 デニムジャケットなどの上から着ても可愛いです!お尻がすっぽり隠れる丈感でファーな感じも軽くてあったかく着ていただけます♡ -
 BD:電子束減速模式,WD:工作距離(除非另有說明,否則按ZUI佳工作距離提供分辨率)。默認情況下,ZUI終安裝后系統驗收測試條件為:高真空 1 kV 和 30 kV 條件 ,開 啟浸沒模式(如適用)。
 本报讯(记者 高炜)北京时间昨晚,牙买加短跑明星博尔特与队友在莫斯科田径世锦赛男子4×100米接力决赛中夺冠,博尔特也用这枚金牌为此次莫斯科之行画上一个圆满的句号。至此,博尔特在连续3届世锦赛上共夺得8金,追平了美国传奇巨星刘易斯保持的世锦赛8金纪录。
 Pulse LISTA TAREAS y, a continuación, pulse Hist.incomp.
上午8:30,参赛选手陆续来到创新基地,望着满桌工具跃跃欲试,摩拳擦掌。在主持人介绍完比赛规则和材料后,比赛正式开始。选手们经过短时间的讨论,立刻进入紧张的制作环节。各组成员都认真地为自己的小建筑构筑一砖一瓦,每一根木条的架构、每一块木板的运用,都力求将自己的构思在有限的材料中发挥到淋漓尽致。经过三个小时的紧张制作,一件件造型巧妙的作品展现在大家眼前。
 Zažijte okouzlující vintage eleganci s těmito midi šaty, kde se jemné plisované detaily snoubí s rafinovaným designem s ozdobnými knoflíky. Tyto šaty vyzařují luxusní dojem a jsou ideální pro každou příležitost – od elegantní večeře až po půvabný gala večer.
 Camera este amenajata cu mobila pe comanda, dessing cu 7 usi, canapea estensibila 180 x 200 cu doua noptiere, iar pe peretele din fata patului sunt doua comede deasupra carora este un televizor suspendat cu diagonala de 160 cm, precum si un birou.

--

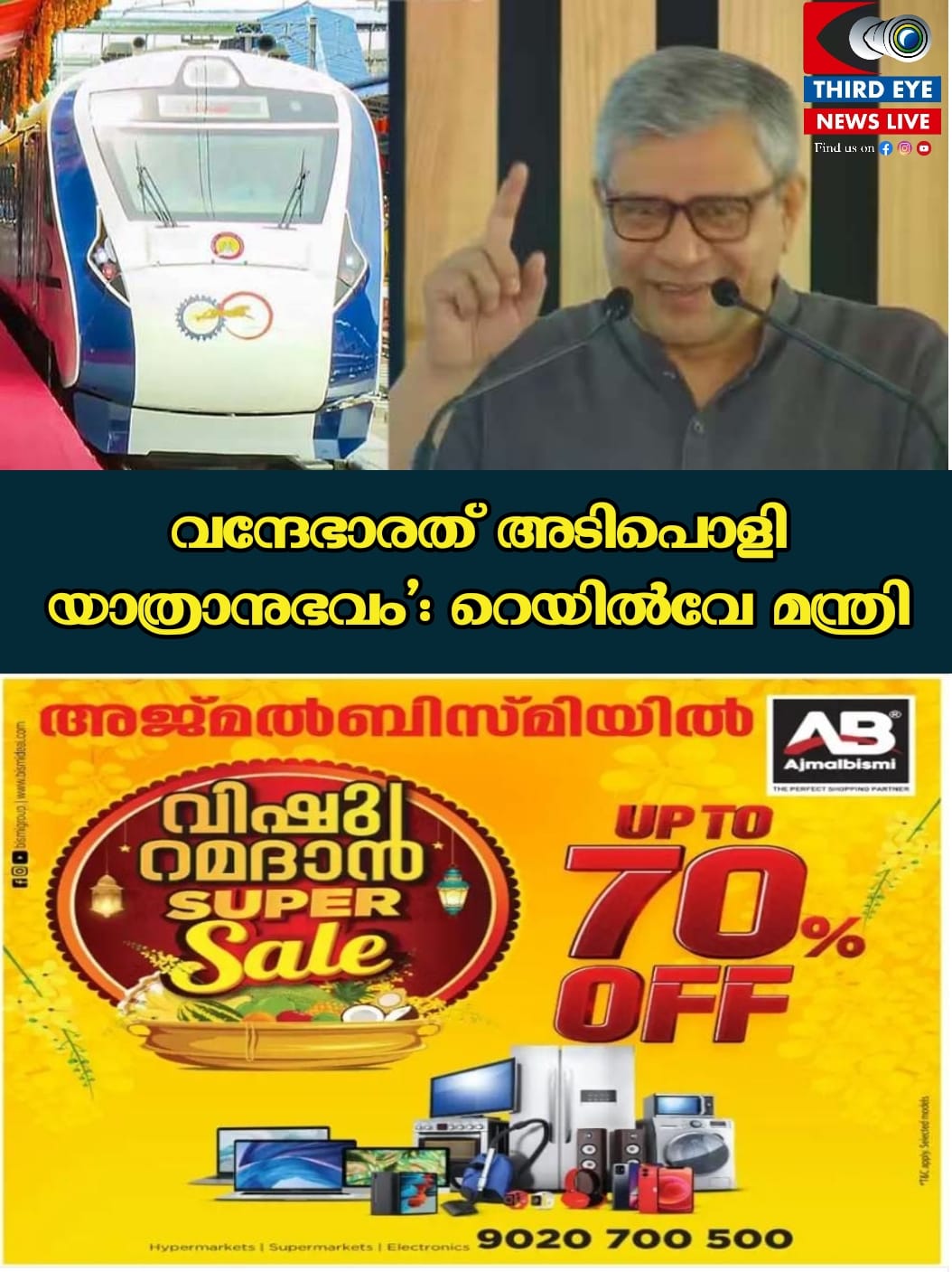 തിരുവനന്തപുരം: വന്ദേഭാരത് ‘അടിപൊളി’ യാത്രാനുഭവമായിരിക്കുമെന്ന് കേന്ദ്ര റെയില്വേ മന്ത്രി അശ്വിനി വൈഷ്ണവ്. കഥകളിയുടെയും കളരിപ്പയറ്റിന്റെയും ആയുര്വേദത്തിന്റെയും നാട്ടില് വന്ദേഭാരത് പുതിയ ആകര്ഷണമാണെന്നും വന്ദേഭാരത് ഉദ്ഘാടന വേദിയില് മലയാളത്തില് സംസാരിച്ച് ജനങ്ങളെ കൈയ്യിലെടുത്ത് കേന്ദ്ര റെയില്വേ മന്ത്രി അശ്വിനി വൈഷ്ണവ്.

--

**About this task**
From the records above, retype only the lines starting at the line that contains "デニムジャケットなどの上から" and ending at the line that contains "上午8:30,参赛选手陆续来", both included.

**Exercise response**
 デニムジャケットなどの上から着ても可愛いです!お尻がすっぽり隠れる丈感でファーな感じも軽くてあったかく着ていただけます♡ -
 BD:電子束減速模式,WD:工作距離(除非另有說明,否則按ZUI佳工作距離提供分辨率)。默認情況下,ZUI終安裝后系統驗收測試條件為:高真空 1 kV 和 30 kV 條件 ,開 啟浸沒模式(如適用)。
 本报讯(记者 高炜)北京时间昨晚,牙买加短跑明星博尔特与队友在莫斯科田径世锦赛男子4×100米接力决赛中夺冠,博尔特也用这枚金牌为此次莫斯科之行画上一个圆满的句号。至此,博尔特在连续3届世锦赛上共夺得8金,追平了美国传奇巨星刘易斯保持的世锦赛8金纪录。
 Pulse LISTA TAREAS y, a continuación, pulse Hist.incomp.
上午8:30,参赛选手陆续来到创新基地,望着满桌工具跃跃欲试,摩拳擦掌。在主持人介绍完比赛规则和材料后,比赛正式开始。选手们经过短时间的讨论,立刻进入紧张的制作环节。各组成员都认真地为自己的小建筑构筑一砖一瓦,每一根木条的架构、每一块木板的运用,都力求将自己的构思在有限的材料中发挥到淋漓尽致。经过三个小时的紧张制作,一件件造型巧妙的作品展现在大家眼前。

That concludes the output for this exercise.